Ramey J W, Krummen L A, Wilfinger W W, Highsmith R F, Baldwin D M
Endocrinology. 1987 Apr;120(4):1514-20. doi: 10.1210/endo-120-4-1514.
The purpose of this study was to investigate the effects of lowering the extracellular calcium concentration on GnRH-stimulated LH glycosylation and LH translation, as measured by the incorporation of [3H]glucosamine (3H-Gln) and [35S]methionine (35S-Met) into immunoprecipitable LH. Cultured anterior pituitary cells, previously exposed to estradiol (5 X 10(-10) M) to maximize precursor incorporation were incubated for 4 h in normal calcium (2.5 mM) or low calcium medium (less than 15 microM) containing radiolabeled precursors with or without 1 nM GnRH. In the presence of normal calcium, GnRH significantly increased 3H-Gln-labeled LH in the medium (278%) and cells (290%), as well as total (cells plus medium) 3H- Gln LH (280%) compared to the control value (no GnRH). GnRH also significantly increased the 35S-Met LH released into the medium (164%) and total 35S-Met LH (186%) over control values. Depletion of extracellular calcium completely inhibited GnRH-stimulated 3H-Gln LH and 35S-Met LH production. Total immunoreactive LH (iLH), as measured by RIA, was also increased significantly by GnRH treatment in the presence of calcium, but this response was prevented by removal of calcium from the medium. Lowering extracellular calcium had no effect on cellular uptake or incorporation of 3H-Gln or 35S-Met into total trichloroacetic acid-precipitable protein. Approximately 80% of newly synthesized LH was released into the medium in all treatment groups independent of whether calcium or GnRH was present. The specific activity (disintegrations per min/microgram iLH) of radiolabeled LH released into the medium was significantly reduced by treatment with GnRH due to the large amount of unlabeled iLH released into the medium. However, when the cells were incubated in low calcium, the SA of 3H-Gln LH and 35S-Met LH in the medium was unaltered by GnRH, whereas GnRH-stimulated iLH release was inhibited. We conclude that GnRH stimulation of LH glycosylation and LH apoprotein synthesis involves extracellular calcium-dependent events, and the release of newly synthesized LH is closely coupled to LH biosynthesis and is less dependent on extracellular calcium, whereas the GnRH-stimulated release of previously synthesized, stored LH is dependent on extracellular calcium.

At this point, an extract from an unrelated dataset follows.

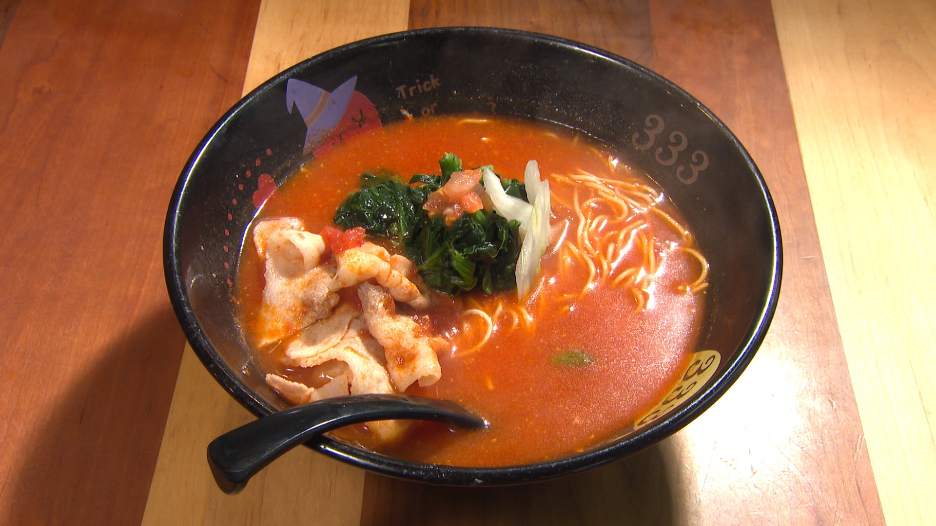 今回お邪魔したのはトマトラーメンや辛麺が楽しめる「三味」学生さんや女性にも大人気のお店です。
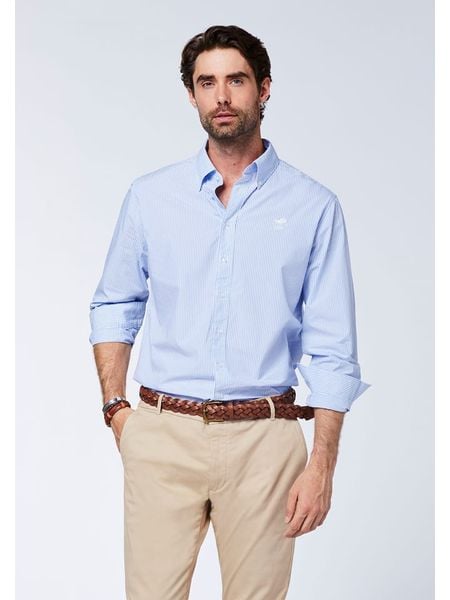 – czysta bawełna- kołnierz: button-down- zapięcie: listwa guzikowa- zakończenie rękawów: mankiet na guzik- fason: regular fit- krój: prosty- dolny brzeg: zaokrąglony- detale: haft z logo- wzór: paski

本研究的目的是通过检测[3H]葡糖胺(3H-Gln)和[35S]甲硫氨酸(35S-Met)掺入可免疫沉淀的促黄体生成素(LH)的情况,来研究降低细胞外钙浓度对促性腺激素释放激素(GnRH)刺激的LH糖基化和LH翻译的影响。将先前暴露于雌二醇(5×10⁻¹⁰ M)以最大化前体掺入的培养垂体前叶细胞,在含有放射性标记前体且添加或不添加1 nM GnRH的正常钙(2.5 mM)或低钙培养基(小于15 μM)中孵育4小时。在正常钙存在的情况下,与对照值(无GnRH)相比,GnRH显著增加了培养基中(278%)和细胞中(290%)3H-Gln标记的LH,以及总的(细胞加培养基)3H-Gln LH(280%)。GnRH还使释放到培养基中的35S-Met LH(164%)和总的35S-Met LH(186%)显著高于对照值。细胞外钙的耗尽完全抑制了GnRH刺激的3H-Gln LH和35S-Met LH的产生。通过放射免疫分析(RIA)测量的总免疫反应性LH(iLH),在有钙存在的情况下,GnRH处理也使其显著增加,但培养基中钙的去除阻止了这种反应。降低细胞外钙对细胞摄取或3H-Gln或35S-Met掺入总的三氯乙酸可沉淀蛋白没有影响。在所有处理组中,无论是否存在钙或GnRH,大约80%新合成的LH释放到培养基中。由于大量未标记的iLH释放到培养基中,用GnRH处理显著降低了释放到培养基中的放射性标记LH的比活性(每分钟衰变数/微克iLH)。然而,当细胞在低钙条件下孵育时,培养基中3H-Gln LH和35S-Met LH的比活性不受GnRH影响,而GnRH刺激的iLH释放受到抑制。我们得出结论,GnRH刺激的LH糖基化和LH载脂蛋白合成涉及细胞外钙依赖性事件,新合成的LH的释放与LH生物合成密切相关且对细胞外钙的依赖性较小,而GnRH刺激的先前合成、储存的LH的释放则依赖于细胞外钙。